**To do:** Pictures are to be excluded. Please print only the lines from the one containing "This page presents" through the end of the data, exactly as they appear.

Records from a data collection:
========

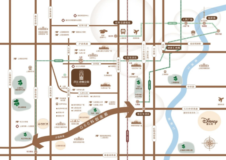 论位置关系,九亭既是整个松江区更接近市中心的板块,又处于大虹桥商务区的辐射区域,在大虹桥与G60科创走廊双重赋能下,九亭板块的性价比就更加凸显了。
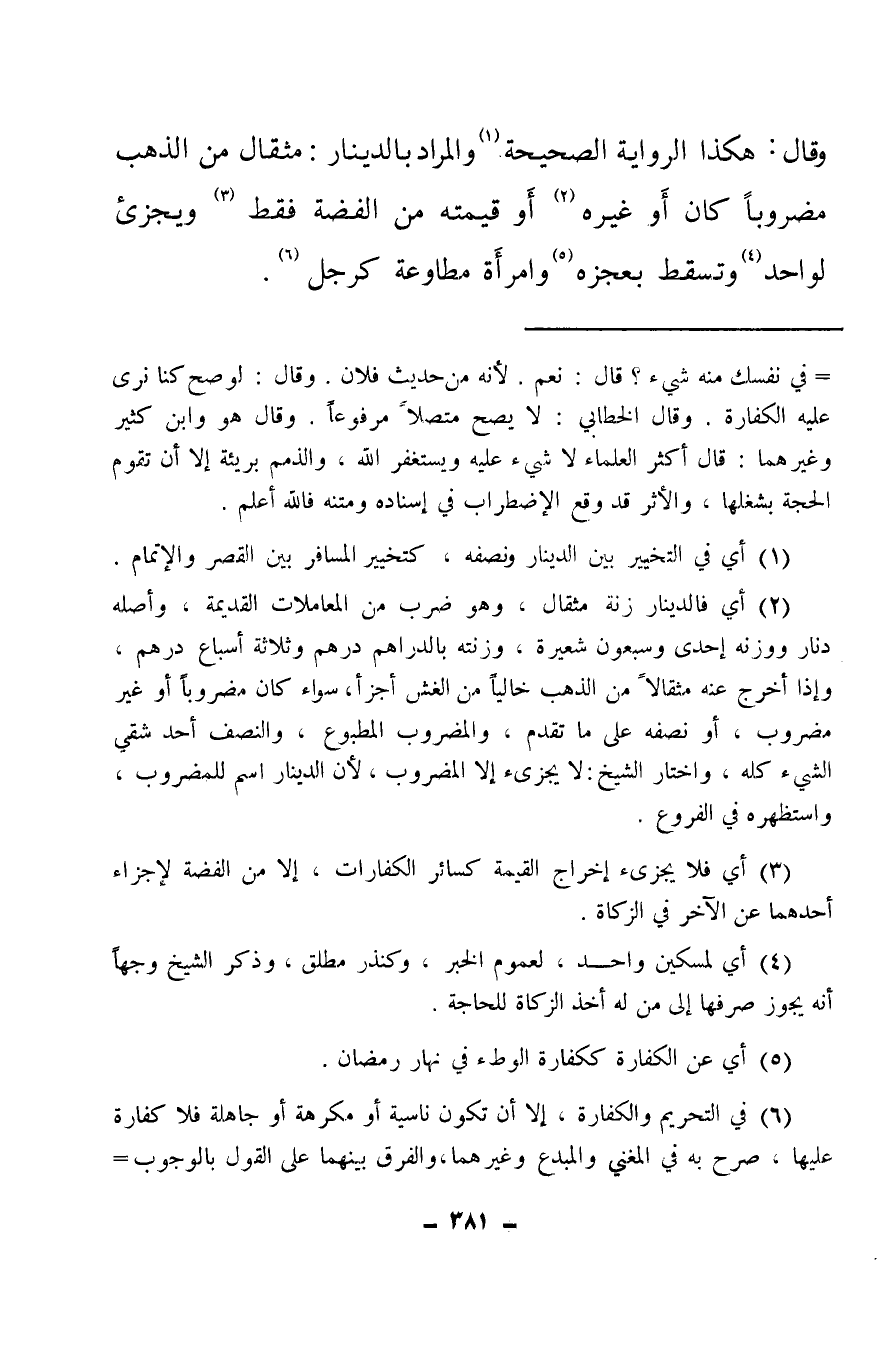 وقال: هكذا الرواية الصحيحة (¬1) والمراد بالدينار، مثقال من الذهب مضروبا كان أو غيره (¬2) أو قيمته من الفضة فقط (¬3) ويجزئ لواحد (¬4) وتسقط بعجزه (¬5) وامرأة مطاوعة كرجل (¬6) .
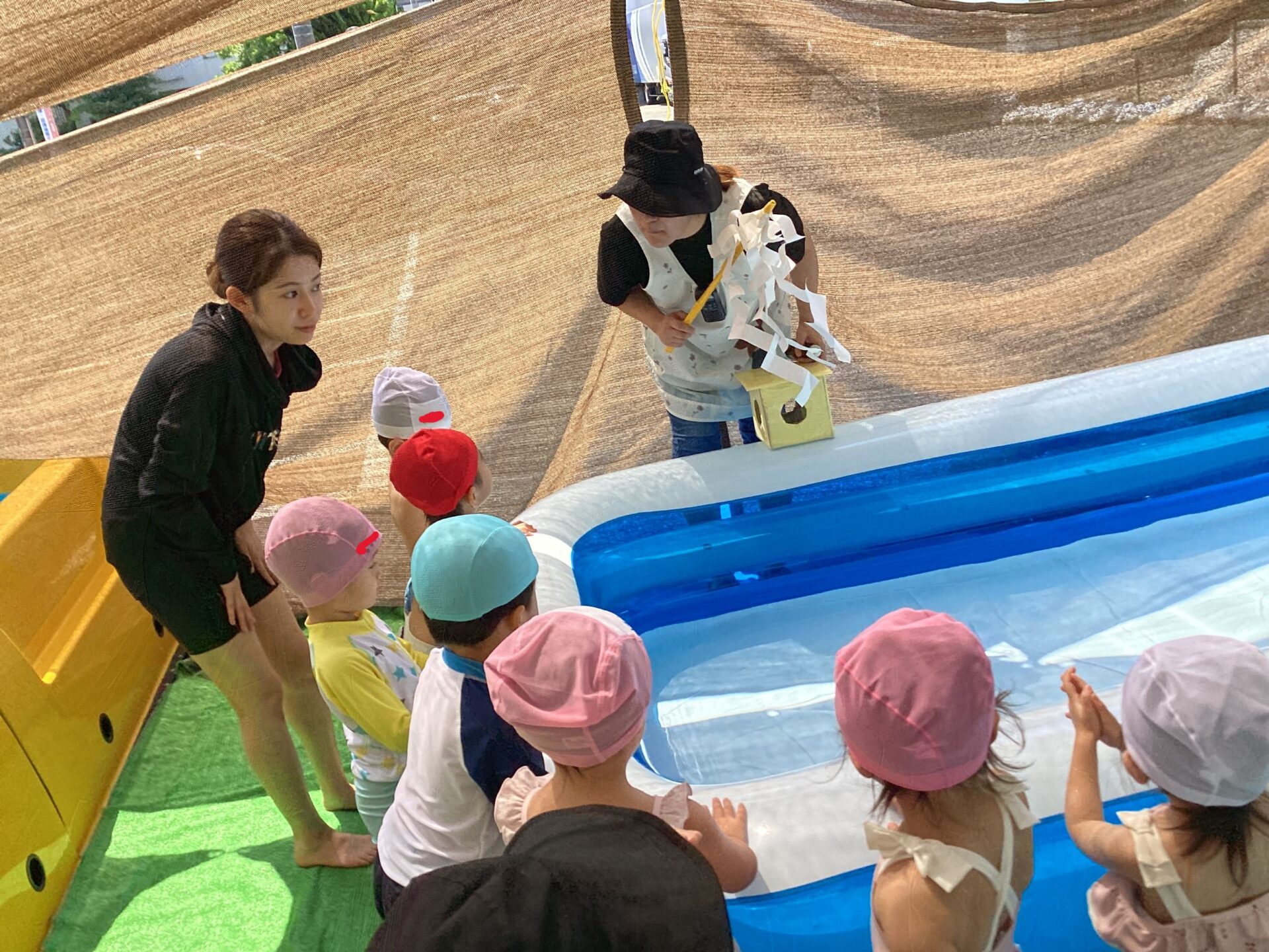 プール開きの日は、入水する前に園長先生からお祓いをしてもらいました。
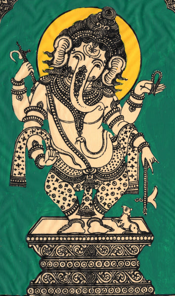 Pattachitra Ganesha Tussar Silk Art Handmade Indian Odisha Tribal Folk Painting
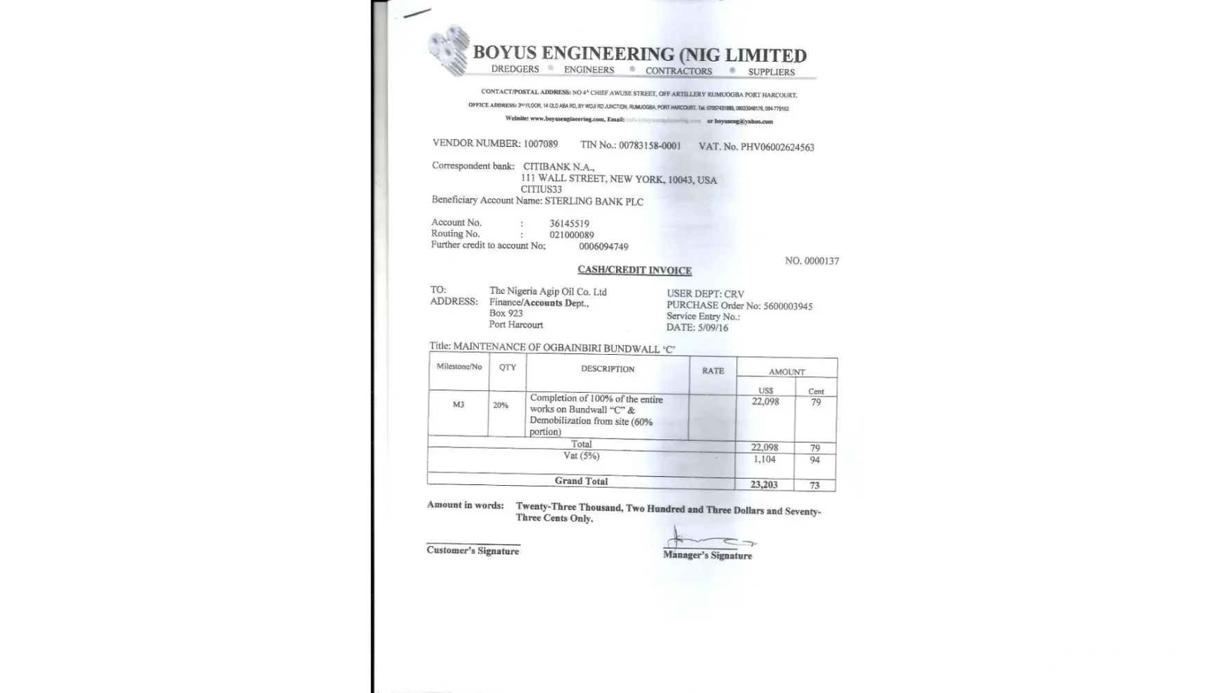 Nigerian Agip Oil Company [NAOC] Nonpayment of jobs completed
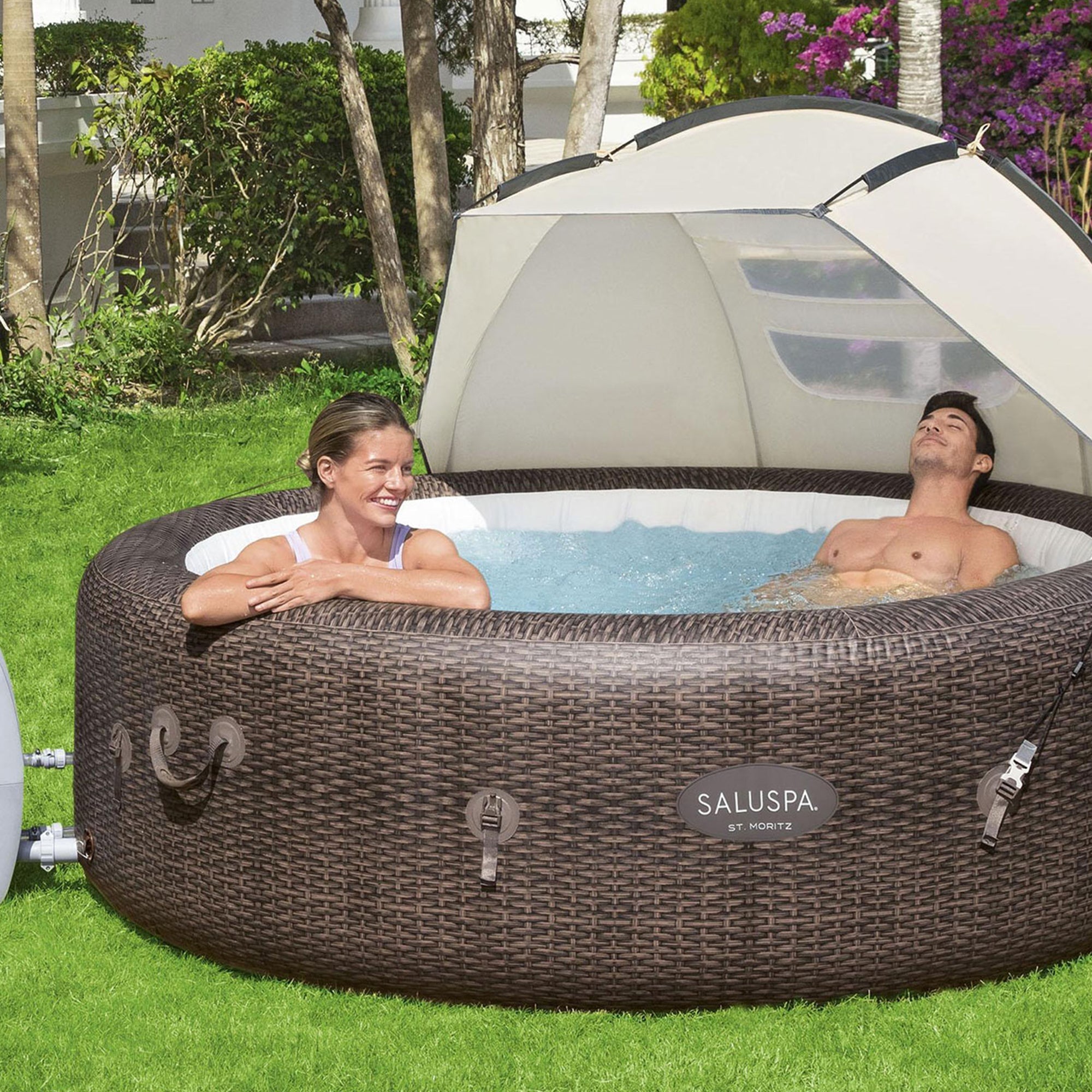 Escape away using the Sunshade Canopy while relaxing in the St. Mortiz SaluSpa Inflatable Hot Tub from Bestway.
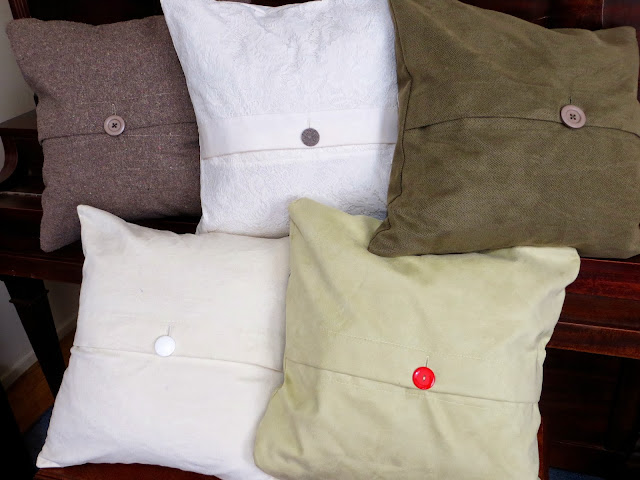 With your decorated fabric square right-side up, place your back side (with the buttonhole) with right-side down over your square and corners matching. Next place your other back side on with right-side down as well with corners matching. Pin everything in place.
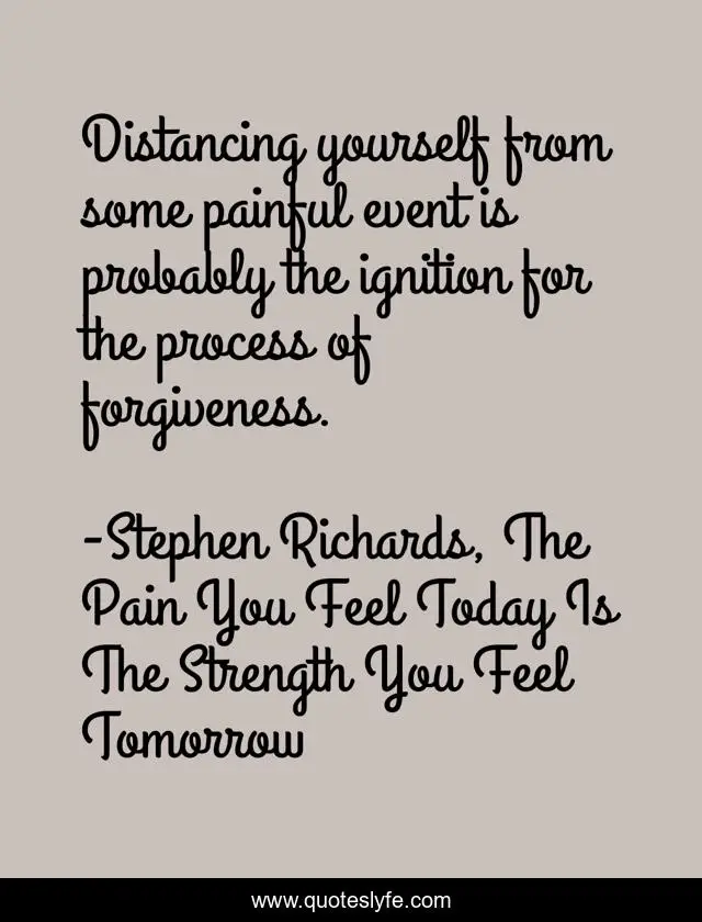 This page presents the quote "Distancing yourself from some painful event is probably the ignition for the process of forgiveness.". Author of this quote is Stephen Richards, The Pain You Feel Today Is The Strength You Feel Tomorrow. This quote is about empowering, confidence, moving-on-and-letting-go, healing-the-past, motivational, forgive, stephen-richards-author, stephen-richards, suffering,.
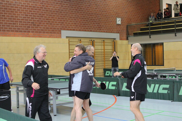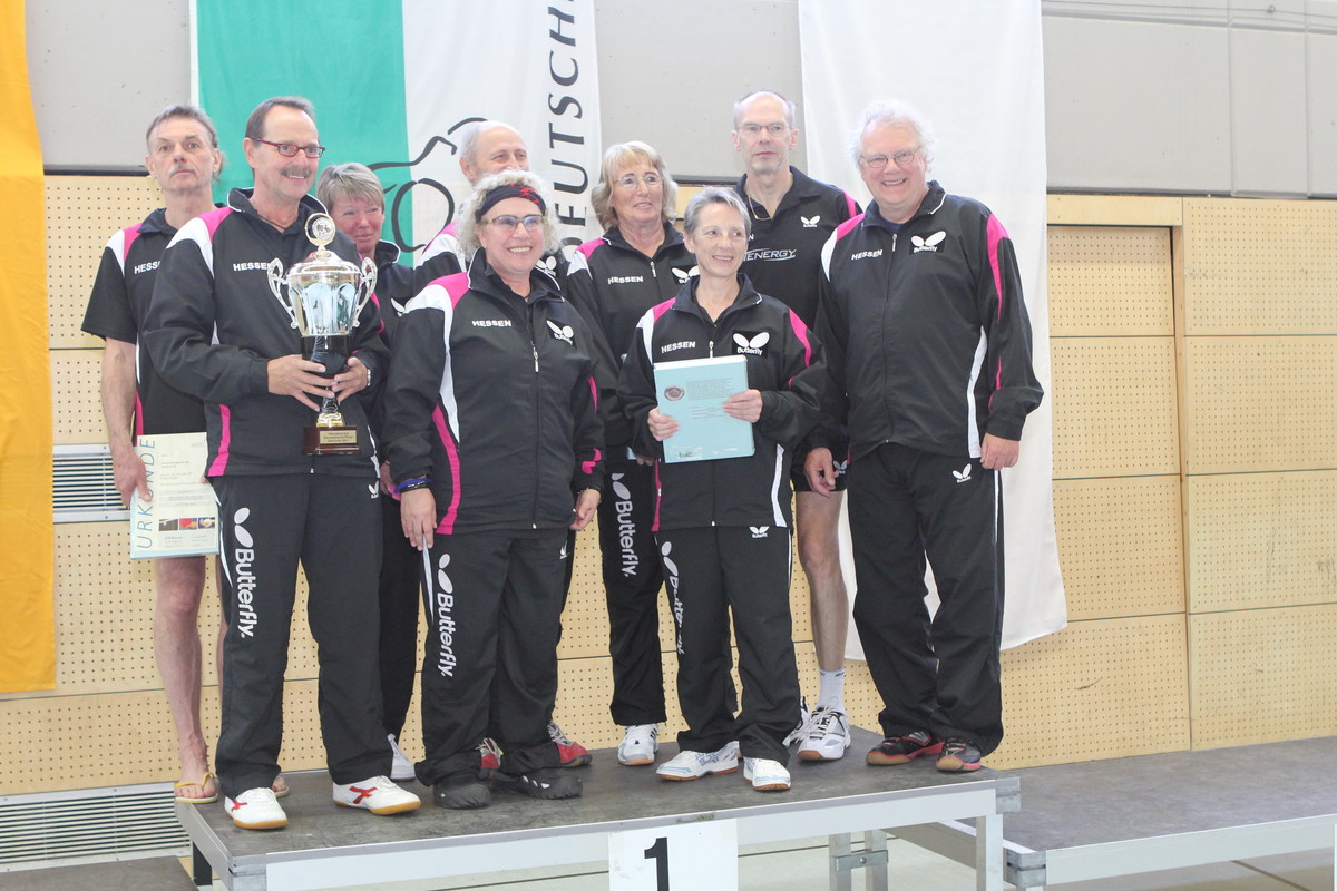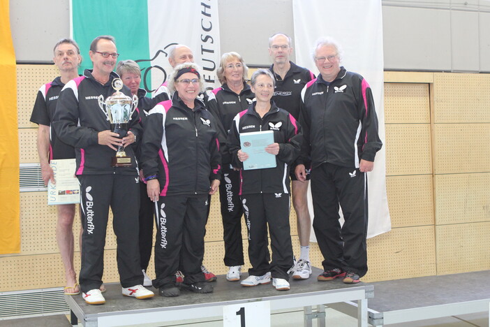 Die Herrenmannschaft der hessischen Tischtennis-Senioren (Altersklasse 60+) gewann am Wochenende den Deutschlandpokal. Bei dem Mannschaftsturnier in Neuhausen bei Stuttgart siegten die Herren des Hessischen Tischtennisverbands (HTTV) im Finale gegen die favorisierte Mannschaft vom Tischtennisverband Schleswig-Holstein. Gleichzeitig gewann die hessische Damenmannschaft das Spiel um Platz 3. Mit dem Sieg der Herren und dem hervorragenden dritten Platz der Damen gewannen die Mannschaften des HTTV ebenfalls die Teamwertung des Turniers.

========

**Written answer:**
 This page presents the quote "Distancing yourself from some painful event is probably the ignition for the process of forgiveness.". Author of this quote is Stephen Richards, The Pain You Feel Today Is The Strength You Feel Tomorrow. This quote is about empowering, confidence, moving-on-and-letting-go, healing-the-past, motivational, forgive, stephen-richards-author, stephen-richards, suffering,.
 Die Herrenmannschaft der hessischen Tischtennis-Senioren (Altersklasse 60+) gewann am Wochenende den Deutschlandpokal. Bei dem Mannschaftsturnier in Neuhausen bei Stuttgart siegten die Herren des Hessischen Tischtennisverbands (HTTV) im Finale gegen die favorisierte Mannschaft vom Tischtennisverband Schleswig-Holstein. Gleichzeitig gewann die hessische Damenmannschaft das Spiel um Platz 3. Mit dem Sieg der Herren und dem hervorragenden dritten Platz der Damen gewannen die Mannschaften des HTTV ebenfalls die Teamwertung des Turniers.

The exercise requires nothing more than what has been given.